START RECORDED INFORMATION

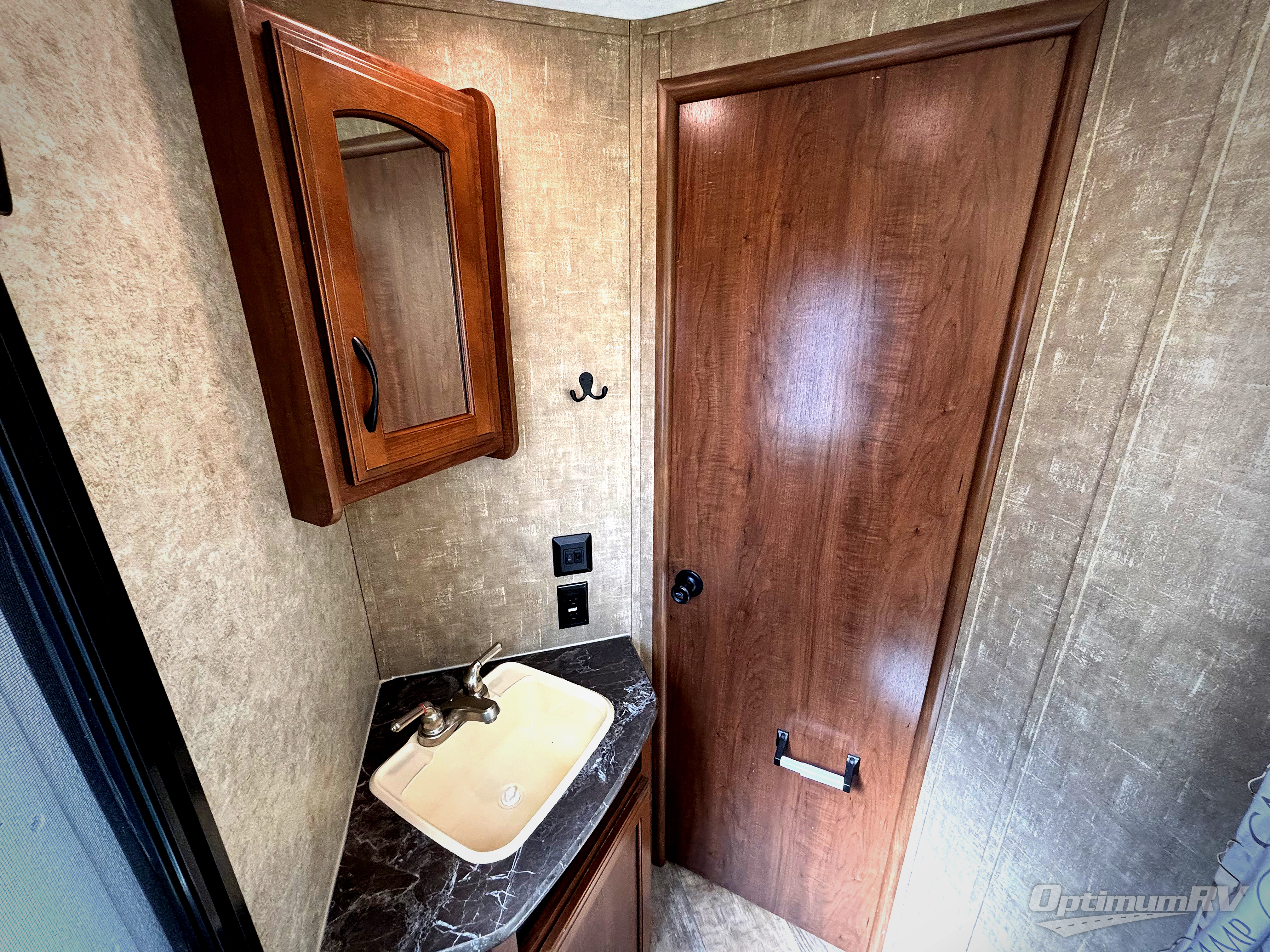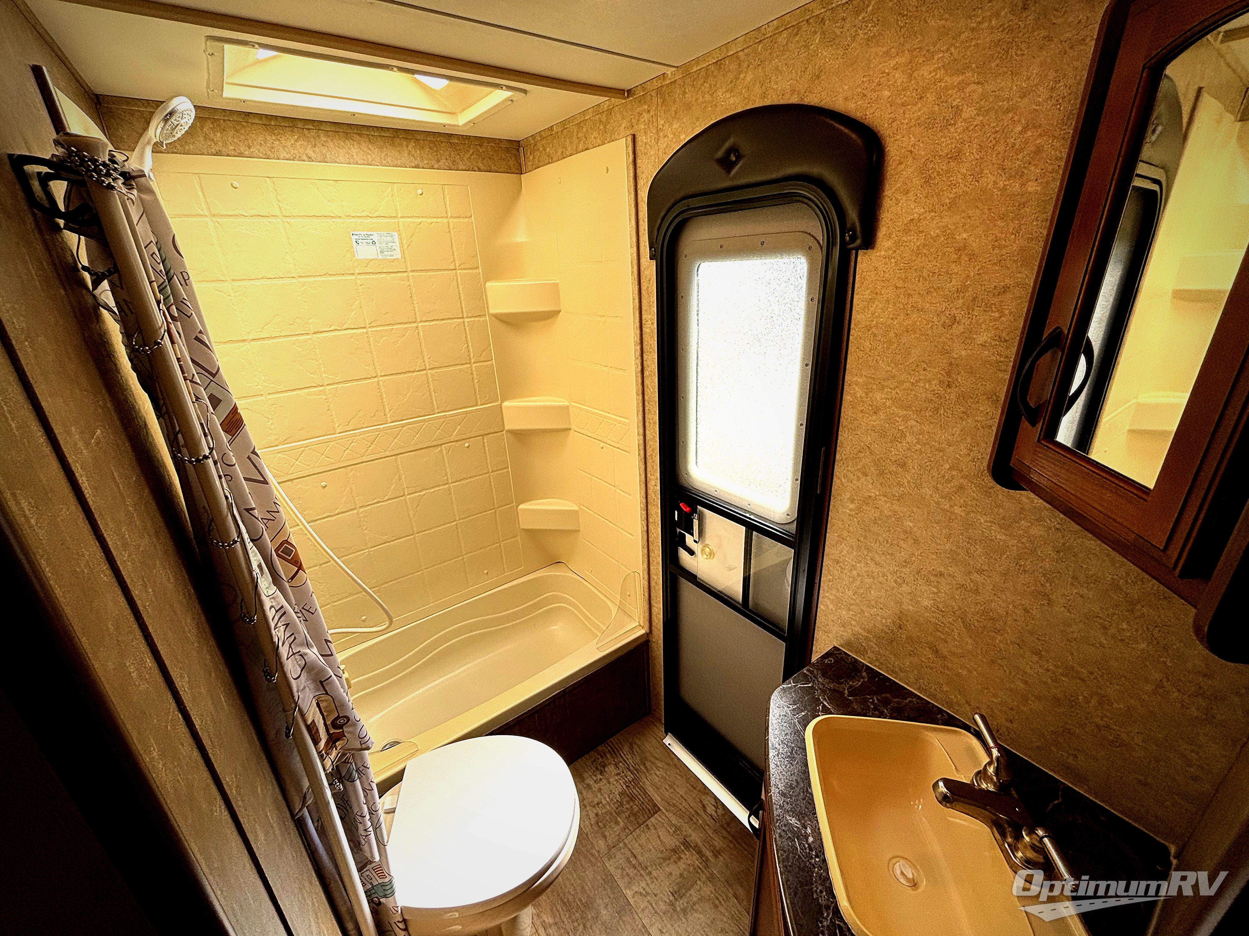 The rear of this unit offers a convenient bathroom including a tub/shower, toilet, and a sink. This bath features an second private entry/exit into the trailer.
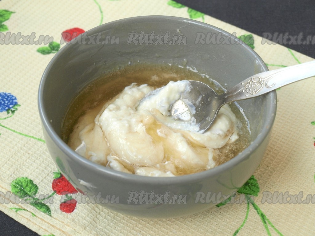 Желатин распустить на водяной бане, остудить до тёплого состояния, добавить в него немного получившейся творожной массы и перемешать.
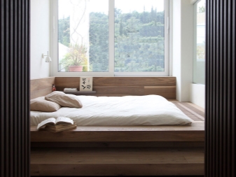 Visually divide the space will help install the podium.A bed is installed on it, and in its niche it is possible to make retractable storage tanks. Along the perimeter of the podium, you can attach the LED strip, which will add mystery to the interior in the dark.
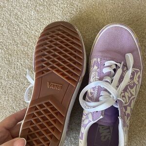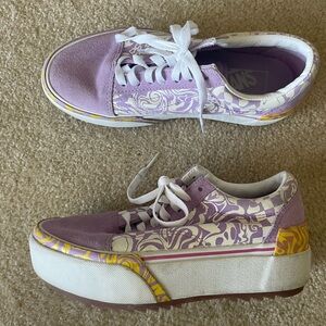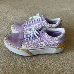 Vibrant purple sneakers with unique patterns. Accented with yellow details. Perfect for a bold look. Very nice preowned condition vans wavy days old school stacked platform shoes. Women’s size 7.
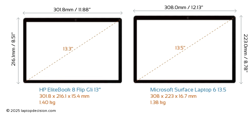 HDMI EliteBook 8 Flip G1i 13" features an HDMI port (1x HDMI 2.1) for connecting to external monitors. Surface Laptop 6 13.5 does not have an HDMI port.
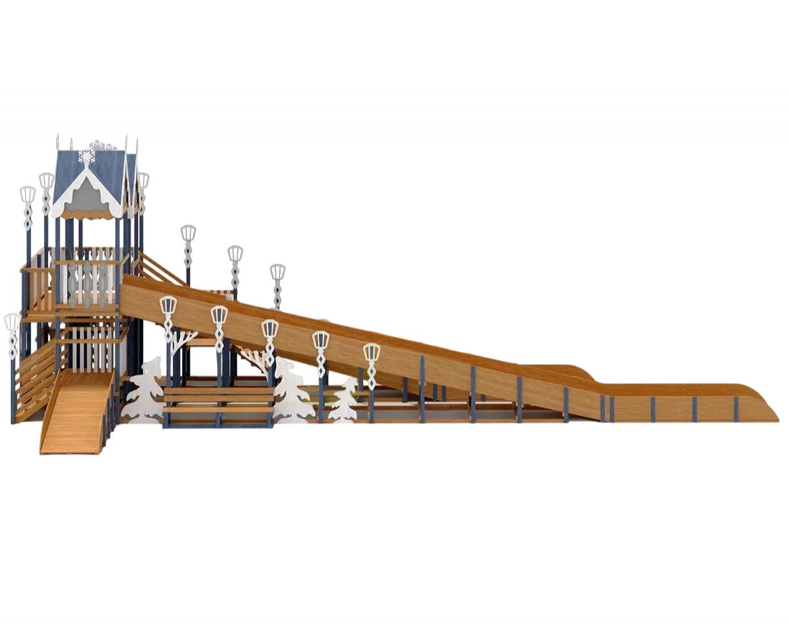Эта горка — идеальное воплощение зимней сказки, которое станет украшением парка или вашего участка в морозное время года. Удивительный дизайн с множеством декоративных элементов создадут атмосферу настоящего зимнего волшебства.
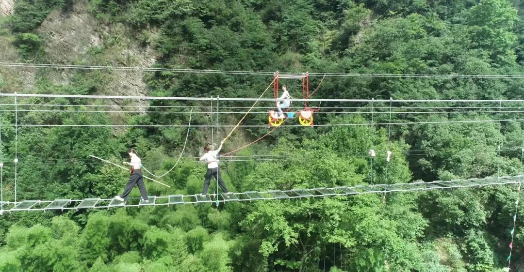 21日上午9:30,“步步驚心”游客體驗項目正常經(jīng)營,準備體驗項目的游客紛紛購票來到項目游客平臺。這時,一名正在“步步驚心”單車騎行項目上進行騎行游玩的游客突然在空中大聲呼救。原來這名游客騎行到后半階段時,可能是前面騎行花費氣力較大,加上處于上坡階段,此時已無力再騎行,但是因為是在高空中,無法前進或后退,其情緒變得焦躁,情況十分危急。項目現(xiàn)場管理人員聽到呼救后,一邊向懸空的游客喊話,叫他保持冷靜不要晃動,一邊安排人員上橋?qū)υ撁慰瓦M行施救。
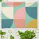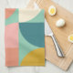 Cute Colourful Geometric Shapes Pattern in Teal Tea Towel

END RECORDED INFORMATION
START RECORDED INFORMATION

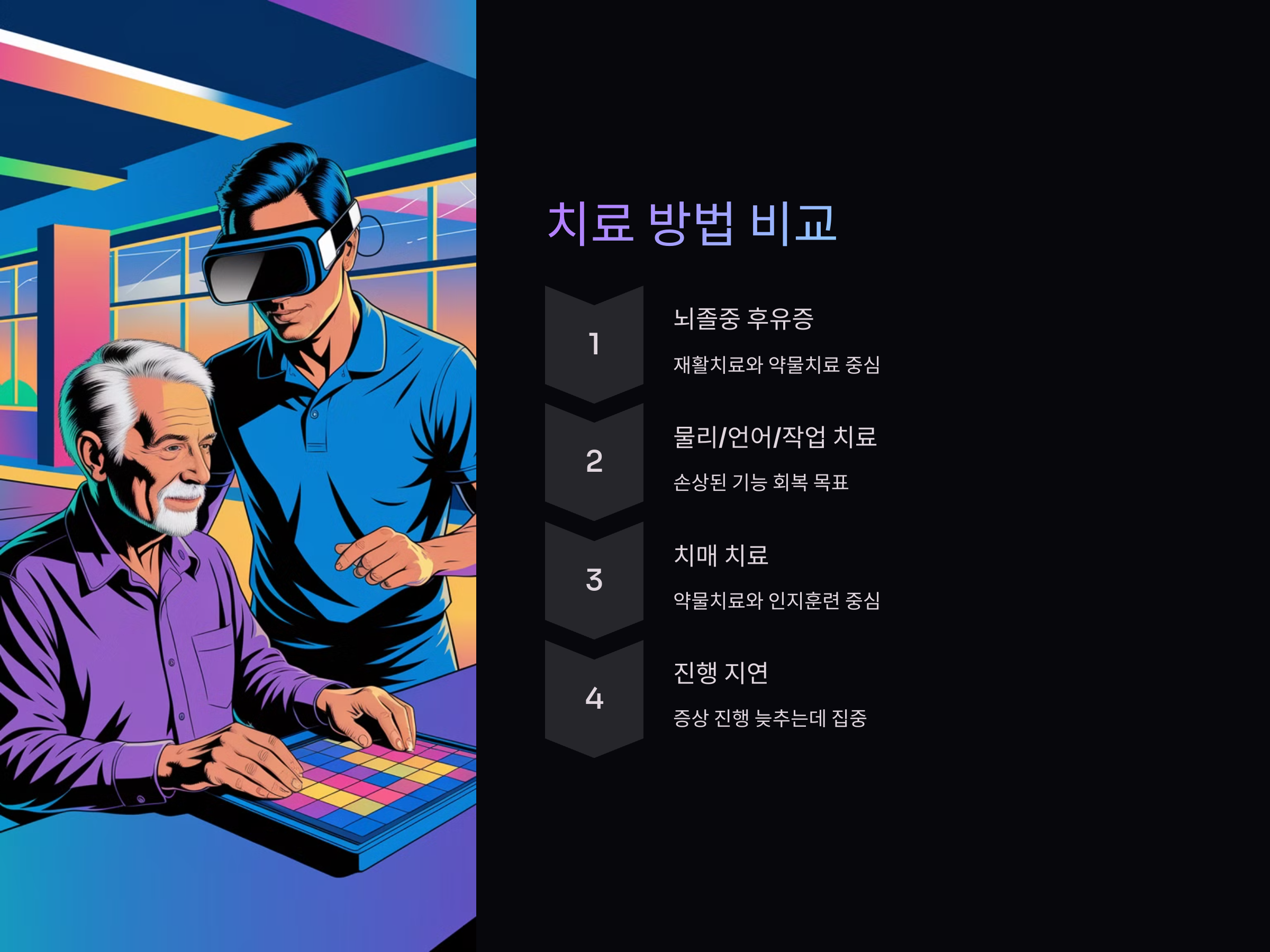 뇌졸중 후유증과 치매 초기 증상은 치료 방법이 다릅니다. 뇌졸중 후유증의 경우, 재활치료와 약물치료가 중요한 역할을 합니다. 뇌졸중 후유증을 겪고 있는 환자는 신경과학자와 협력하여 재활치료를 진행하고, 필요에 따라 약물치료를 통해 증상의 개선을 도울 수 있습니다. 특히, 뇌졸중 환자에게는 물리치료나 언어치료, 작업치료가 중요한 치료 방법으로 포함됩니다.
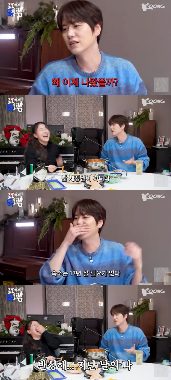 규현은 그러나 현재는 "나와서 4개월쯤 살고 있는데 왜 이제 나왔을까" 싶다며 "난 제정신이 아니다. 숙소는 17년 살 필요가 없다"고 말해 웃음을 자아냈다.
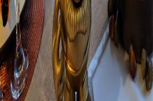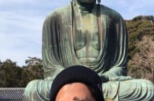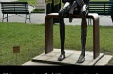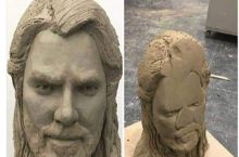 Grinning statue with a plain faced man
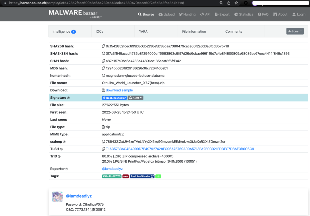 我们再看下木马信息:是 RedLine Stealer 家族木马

END RECORDED INFORMATION
START RECORDED INFORMATION

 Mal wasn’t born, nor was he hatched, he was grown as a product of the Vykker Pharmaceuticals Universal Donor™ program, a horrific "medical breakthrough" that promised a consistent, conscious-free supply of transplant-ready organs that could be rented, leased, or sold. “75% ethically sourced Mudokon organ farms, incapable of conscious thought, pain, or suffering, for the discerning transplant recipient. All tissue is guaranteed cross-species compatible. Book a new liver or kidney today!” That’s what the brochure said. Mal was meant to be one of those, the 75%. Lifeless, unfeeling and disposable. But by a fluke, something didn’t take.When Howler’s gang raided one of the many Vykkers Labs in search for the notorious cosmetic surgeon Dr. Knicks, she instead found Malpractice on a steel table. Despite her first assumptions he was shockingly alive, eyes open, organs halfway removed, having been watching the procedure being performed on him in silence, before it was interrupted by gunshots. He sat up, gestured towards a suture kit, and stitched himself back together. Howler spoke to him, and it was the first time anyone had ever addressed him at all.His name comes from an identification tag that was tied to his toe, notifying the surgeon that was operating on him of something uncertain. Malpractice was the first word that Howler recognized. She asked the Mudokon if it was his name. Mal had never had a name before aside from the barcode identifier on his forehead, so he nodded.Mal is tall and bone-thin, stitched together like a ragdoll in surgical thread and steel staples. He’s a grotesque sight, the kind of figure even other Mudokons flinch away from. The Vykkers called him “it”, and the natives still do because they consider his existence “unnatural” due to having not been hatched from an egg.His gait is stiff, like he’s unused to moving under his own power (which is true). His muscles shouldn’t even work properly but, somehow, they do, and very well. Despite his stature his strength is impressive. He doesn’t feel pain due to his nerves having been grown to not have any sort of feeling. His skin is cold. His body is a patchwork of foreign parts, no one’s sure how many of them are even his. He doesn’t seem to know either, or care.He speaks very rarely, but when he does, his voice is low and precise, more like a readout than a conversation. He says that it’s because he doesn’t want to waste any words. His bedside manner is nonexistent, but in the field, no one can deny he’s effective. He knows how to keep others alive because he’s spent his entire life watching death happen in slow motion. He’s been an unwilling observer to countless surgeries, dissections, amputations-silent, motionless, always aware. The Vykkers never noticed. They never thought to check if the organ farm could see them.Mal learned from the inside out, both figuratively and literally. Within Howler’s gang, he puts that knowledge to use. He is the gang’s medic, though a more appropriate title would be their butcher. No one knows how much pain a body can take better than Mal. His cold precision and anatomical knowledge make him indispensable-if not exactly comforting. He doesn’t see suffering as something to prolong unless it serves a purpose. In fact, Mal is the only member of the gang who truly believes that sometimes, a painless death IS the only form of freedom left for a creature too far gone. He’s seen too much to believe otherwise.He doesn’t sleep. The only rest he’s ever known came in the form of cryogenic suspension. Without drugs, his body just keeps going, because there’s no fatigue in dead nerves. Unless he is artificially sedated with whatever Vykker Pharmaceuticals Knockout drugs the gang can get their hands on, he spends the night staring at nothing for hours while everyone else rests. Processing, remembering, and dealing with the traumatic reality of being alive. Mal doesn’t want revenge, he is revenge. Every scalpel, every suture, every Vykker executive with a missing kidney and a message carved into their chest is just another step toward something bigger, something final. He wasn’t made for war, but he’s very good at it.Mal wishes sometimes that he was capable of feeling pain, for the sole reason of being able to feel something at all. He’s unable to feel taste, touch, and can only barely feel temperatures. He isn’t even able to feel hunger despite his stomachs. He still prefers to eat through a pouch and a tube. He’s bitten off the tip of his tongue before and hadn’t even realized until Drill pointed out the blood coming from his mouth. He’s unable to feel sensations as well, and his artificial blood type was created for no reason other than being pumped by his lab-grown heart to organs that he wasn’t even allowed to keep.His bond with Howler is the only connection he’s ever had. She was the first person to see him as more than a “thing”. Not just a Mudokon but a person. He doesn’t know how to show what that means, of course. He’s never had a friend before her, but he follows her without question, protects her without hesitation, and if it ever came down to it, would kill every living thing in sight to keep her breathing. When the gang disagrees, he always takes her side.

END RECORDED INFORMATION

### INSTRUCTIONS TO FOLLOW
Would you copy, word for word, only the lines above from the one containing "The rear of" through the one containing "Желатин распустить на", both included, and please leave out the pictures?

### EXPECTED OUTPUT
 The rear of this unit offers a convenient bathroom including a tub/shower, toilet, and a sink. This bath features an second private entry/exit into the trailer.
 Желатин распустить на водяной бане, остудить до тёплого состояния, добавить в него немного получившейся творожной массы и перемешать.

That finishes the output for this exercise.